Role of outer ring carboxylates of the rat skeletal muscle sodium channel pore in proton block

Voltage‐gated Na + current is reduced by acid solution. Protons reduce peak Na + conductance by lowering single channel conductance and shift the voltage range of gating by neutralizing surface charges. Structure‐function studies identify six carboxyls and a lysine in the channel's outer vestibule. We examined the roles of the superficial ring of carboxyls in acid block of Na v 1.4 (the rat skeletal muscle Na + channel isoform) by measuring the effects of their neutralization or their substitution by lysine on sensitivity to acid solutions, using the two‐micropipette voltage clamp in Xenopus oocytes.

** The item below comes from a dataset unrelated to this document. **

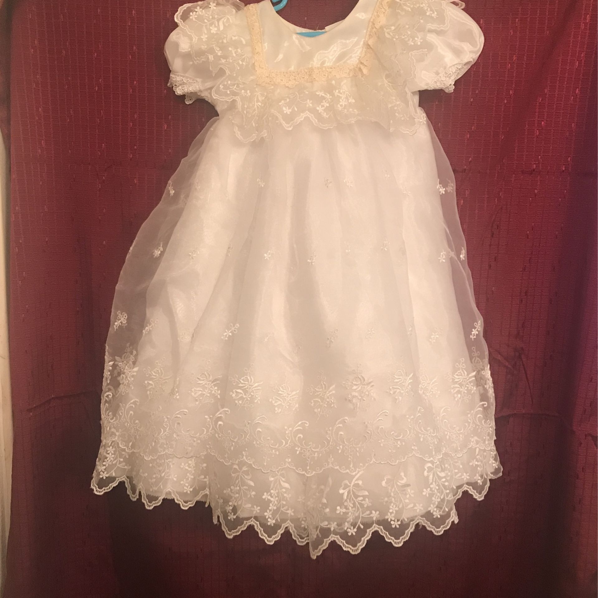 This dress is absolutely gorgeous. It is off white with re embroidered lace. Angel opening in back. Three layers. Paid $299 and only worn onceZ C3

Alteration of the outer ring of carboxylates had little effect on the voltage for half‐activation of Na + current, as if they are distant from the channels' voltage sensors. The mutations did not abolish proton block; rather, they all shifted the p K a (‐log of the dissociation constant) in the acid direction. Effects of neutralization on p K a were not identical for different mutations, with E758Q > D1241A > D1532N > E403Q. E758K showed double the effect of E758Q, and the other lysine mutations all produced larger effects than the neutralizing mutations. Calculation of the electrostatic potential produced by these carboxylates using a pore model showed that the p K a values of carboxylates of Glu‐403, Glu‐758, and Asp‐1532 are shifted to values similar to the experimentally measured p K a . Calculations also predict the experimentally observed changes in p K a that result from mutational neutralization or introduction of a positive charge. We propose that proton block results from partial protonation of these outer ring carboxylates and that all of the carboxylates contribute to a composite Na + site.